-- RECORD EXCERPTS follows --

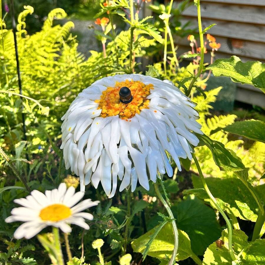 A beautiful fused and slumped glass garden stake, carefully assembled to produce this delicate white daisy. Attached to a powder coated steel rod. Suitable for use in the garden all year round, in a sheltered spot from the wind.
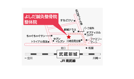 | アクセス | JR南武線武蔵新城駅の改札口は、1つです。 武蔵新城駅改札口を出ましたら、左に曲がります。 武蔵新城駅から徒歩1~2分。 左手にコージーコーナー様があり右側に松屋様がある横断歩道を渡ります。(上を見上げると北口はってん会の緑の文字の看板があります) 北口はってん会にむかって歩いてください。 ファミリーマート様と川崎信用金庫様の間をまっすぐ20m~30mを歩きます。 右手にオプティカルコイケ様がありパーク歯科様の手前の道を左に曲がると当院があります。 (当院の正面前には、しんじょうテラス様というオシャレなカフェ屋さんがあります) ★曲がり角付近の上を見上げると「よしだ整体院」の青い看板が目印♪ 当院は1階にあり、女性でも入りやすい入口になっております。 |
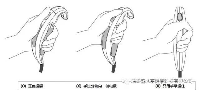 - 按照?qǐng)D示握住手柄電極后,用拇指按開(kāi)始按鈕。
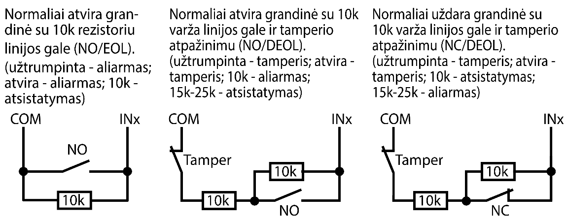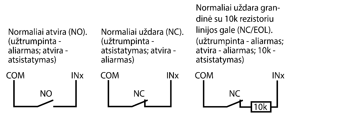 2 pasirenkamo tipo įėjimai, tipai: NC; NO; NC/EOL; NO/EOL; NC/DEOL; NO/DEOL.
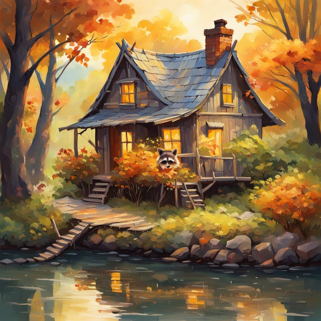 This image shows a raccoon's whimsical home built from tree branches on a riverbank. The painting features warm light, colorful leaves and soft brushstrokes in an impressionistic style.
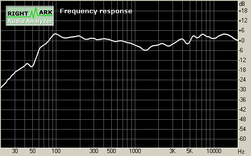 Посмотрим на график АЧХ тестируемых колонок, полученный воспроизведением тестируемой системой логарифмически нарастающего синуса (swept sine).

-- RECORD EXCERPTS concluded --

Exclude the pictures and reproduce every entry exactly.

 A beautiful fused and slumped glass garden stake, carefully assembled to produce this delicate white daisy. Attached to a powder coated steel rod. Suitable for use in the garden all year round, in a sheltered spot from the wind.
 | アクセス | JR南武線武蔵新城駅の改札口は、1つです。 武蔵新城駅改札口を出ましたら、左に曲がります。 武蔵新城駅から徒歩1~2分。 左手にコージーコーナー様があり右側に松屋様がある横断歩道を渡ります。(上を見上げると北口はってん会の緑の文字の看板があります) 北口はってん会にむかって歩いてください。 ファミリーマート様と川崎信用金庫様の間をまっすぐ20m~30mを歩きます。 右手にオプティカルコイケ様がありパーク歯科様の手前の道を左に曲がると当院があります。 (当院の正面前には、しんじょうテラス様というオシャレなカフェ屋さんがあります) ★曲がり角付近の上を見上げると「よしだ整体院」の青い看板が目印♪ 当院は1階にあり、女性でも入りやすい入口になっております。 |
 - 按照?qǐng)D示握住手柄電極后,用拇指按開(kāi)始按鈕。
 2 pasirenkamo tipo įėjimai, tipai: NC; NO; NC/EOL; NO/EOL; NC/DEOL; NO/DEOL.
 This image shows a raccoon's whimsical home built from tree branches on a riverbank. The painting features warm light, colorful leaves and soft brushstrokes in an impressionistic style.
 Посмотрим на график АЧХ тестируемых колонок, полученный воспроизведением тестируемой системой логарифмически нарастающего синуса (swept sine).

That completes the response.